Zespół nieszczelnego jelita, mimo że nie został dobrze opisany w literaturze medycznej, jest dla naukowców przydatnym modelem do objaśniania mechanizmów zakażenia grzybem, ale też ułatwia zrozumienie, jak dochodzi do alergii pokarmowych i chorób autoimmunologicznych (pisaliśmy o tym w materiale o nietolerancji pokarmowej).
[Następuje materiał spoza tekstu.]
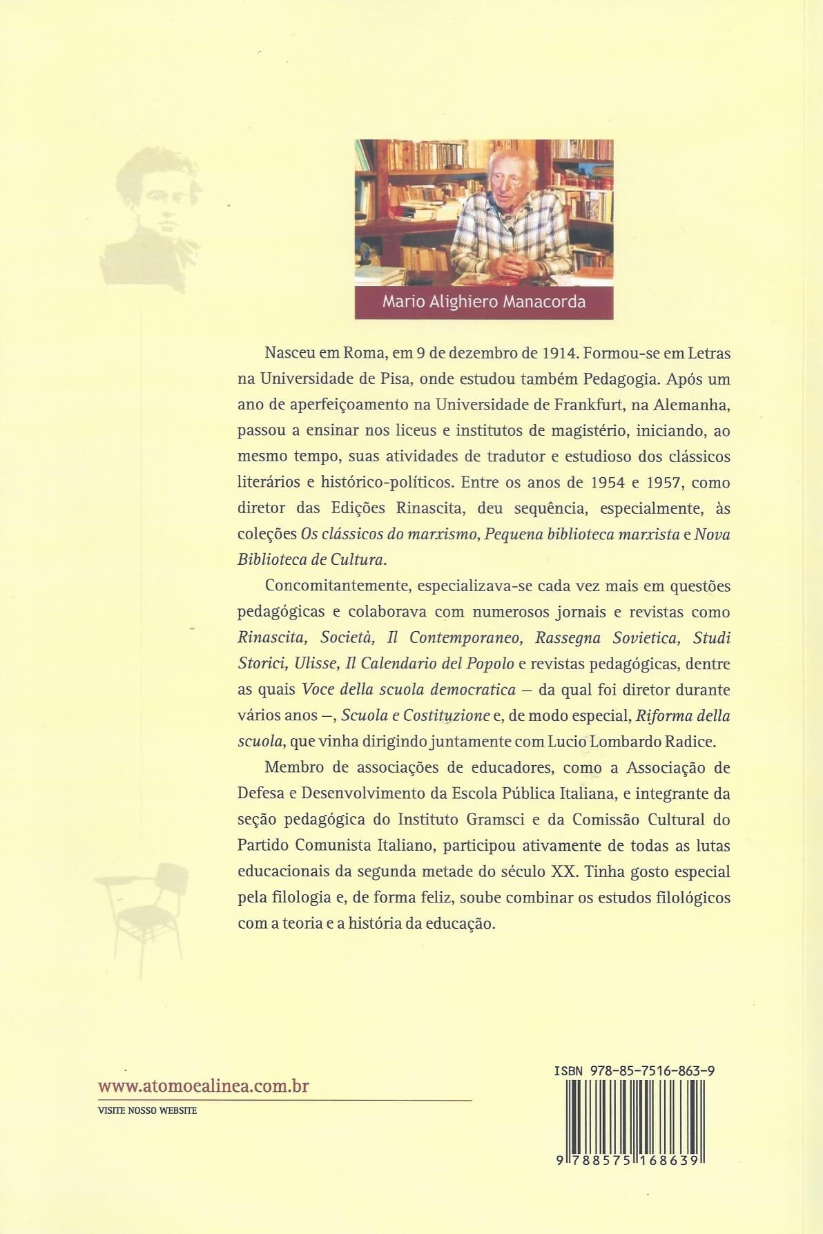 Coincidência? O autor deste livro é um intelectual italiano, nascido em 1914, comunista da velha guarda, culto, polêmico, absolutamente íntegro e profundamente humano. Em outras palavras, há uma evidente sintonia de valores, cultura e modo de ser entre Gramsci e Manacorda. E, até por isso, não haveria ninguém melhor do que este para nos explicar o que exatamente entendia Gramsci ao afirmar que o trabalho industrial é o princípio fundamental da educação moderna.
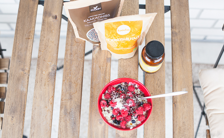 ❤️ Koristeluksi puuron päälle laitan maun mukaan kaakaonibsejä ja kookoshiutaleita (Aminopörssistä saa koko tän viikon alennusta -15 % normaalihintaisista tuotteista koodilla SUPERVIIKKO).

Candida bowiem nie tylko potrafi przedostać się przez błonę śluzową jelit (co udowodnił niemiecki lekarz Wolfgang von Krause, eksperymentując na sobie, a potwierdzono w badaniach na zwierzętach), ale sama przyczynia się do powstania nieszczelności i „wypuszczenia” do układu krążenia obcych białek pokarmowych, co może doprowadzić właśnie m.in. do nietolerancji i alergii pokarmowych.
Kolejny etap – grzybica organizmu?
To, że jelita przepuszczą Candidę, nie oznacza, że za chwilę będziemy mieć zakażony cały organizm. Zwykle grzyby atakują głównie układ pokarmowy, jamę ustną i gardło, skórę i błony śluzowe, pochwę i srom. Jakie są objawy zakażenia? To zależy od zaatakowanego organu. W przypadku układu pokarmowego, jamy ustnej i gardła – biegunki i biały nalot na języku. Skóry – zmiany na skórze i paznokciach. Dróg rodnych – swędzenie i upławy.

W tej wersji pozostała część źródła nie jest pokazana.